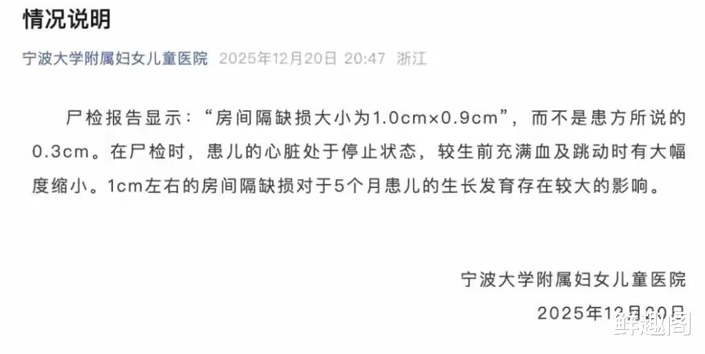 12月14日,宁波市卫健委发布官方通报,确认医疗团队存在 “手术风险评估不足、手术操作存在过失” 等问题,并对医院相关医务人员进行了严肃处理。我们简单的了解一下事情的具体情况,5个月大的早产儿小洛熙在2025年11月11日的例行检查中,心脏彩超提示存在两处房间隔缺损。
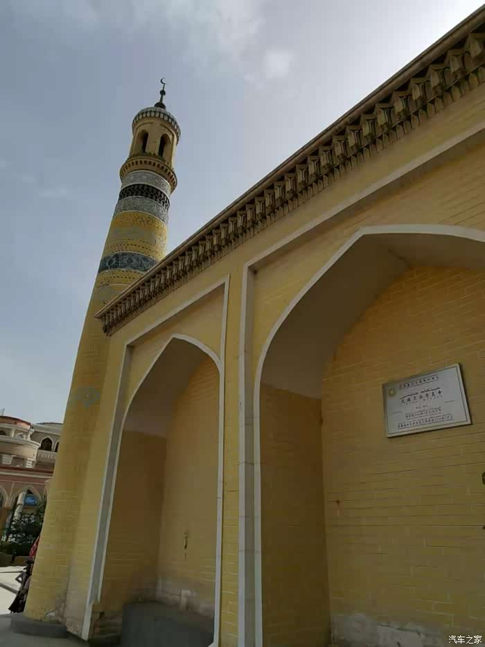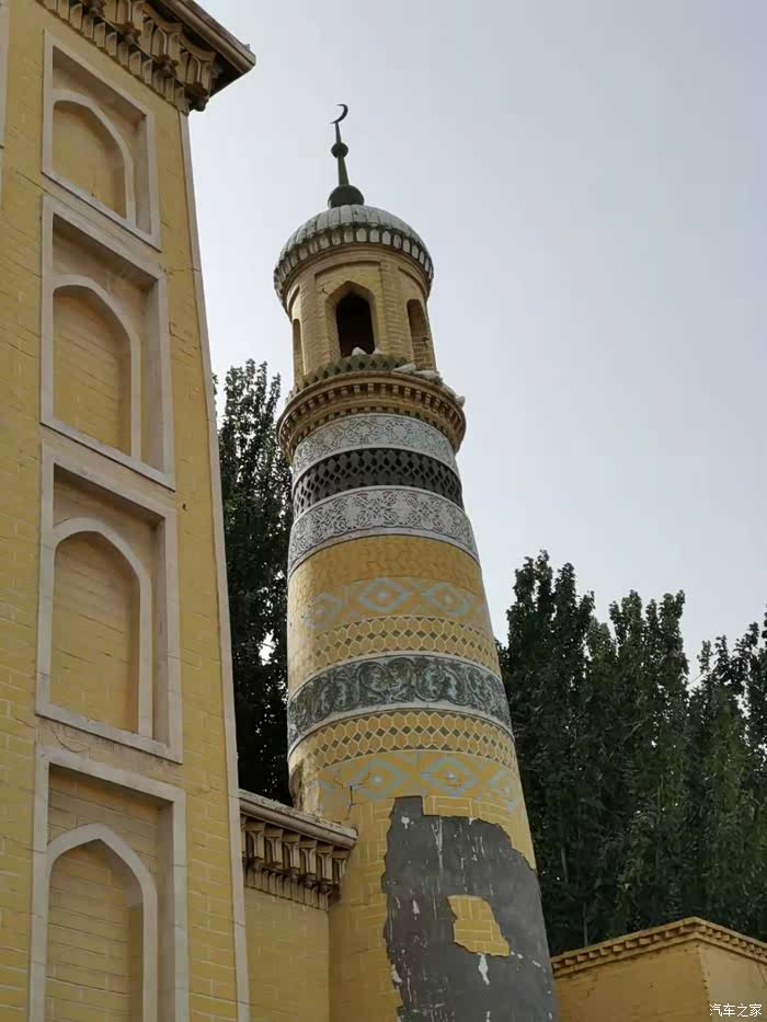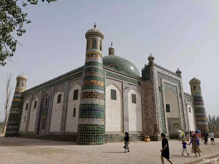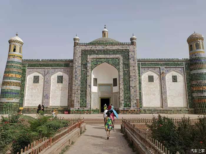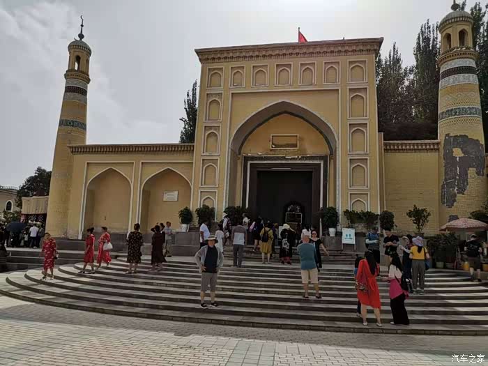 (艾提尕尔清真寺,又译为"艾提尕""艾提卡尔"。坐落于新疆维吾尔自治区喀什市的艾提尕尔广场西侧,始建于1442年,南北长140米,东西宽120米,占地总面积为1.68万平方米,分为"正殿"、"外殿"、"教经堂"、"院落"、"拱拜孜"、"宣礼塔"、"大门"等七部分,它不仅是新疆规模最大的清真寺,也是全国规模最大的清真寺之一。 在国内外宗教界均具有一定影响,为自治区重点文物保护单位。)
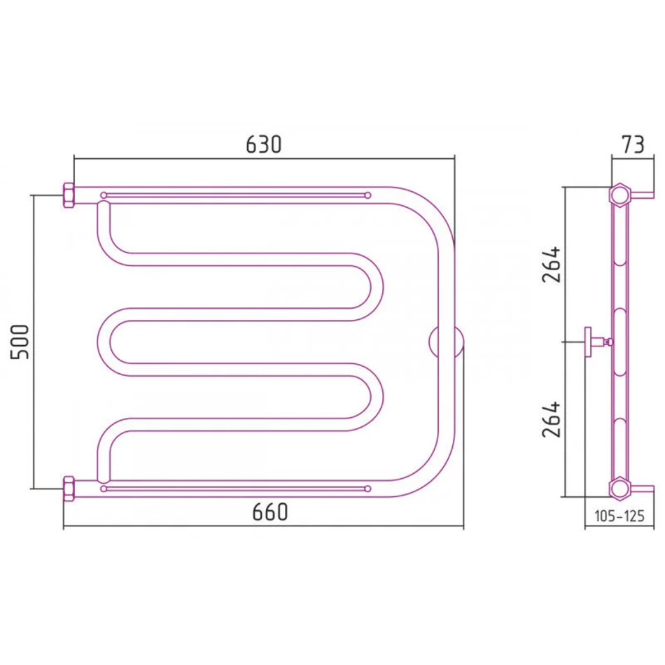 Полотенцесушитель водяной Сунержа Лира+, высота 50 см, ширина 65 см, боковое подключение 50 см, цвет шампань, 020-4012-5065

Instructions to follow -> Each line of the data needs to be output exactly, with any image excluded.

Response box ->
 12月14日,宁波市卫健委发布官方通报,确认医疗团队存在 “手术风险评估不足、手术操作存在过失” 等问题,并对医院相关医务人员进行了严肃处理。我们简单的了解一下事情的具体情况,5个月大的早产儿小洛熙在2025年11月11日的例行检查中,心脏彩超提示存在两处房间隔缺损。
 (艾提尕尔清真寺,又译为"艾提尕""艾提卡尔"。坐落于新疆维吾尔自治区喀什市的艾提尕尔广场西侧,始建于1442年,南北长140米,东西宽120米,占地总面积为1.68万平方米,分为"正殿"、"外殿"、"教经堂"、"院落"、"拱拜孜"、"宣礼塔"、"大门"等七部分,它不仅是新疆规模最大的清真寺,也是全国规模最大的清真寺之一。 在国内外宗教界均具有一定影响,为自治区重点文物保护单位。)
 Полотенцесушитель водяной Сунержа Лира+, высота 50 см, ширина 65 см, боковое подключение 50 см, цвет шампань, 020-4012-5065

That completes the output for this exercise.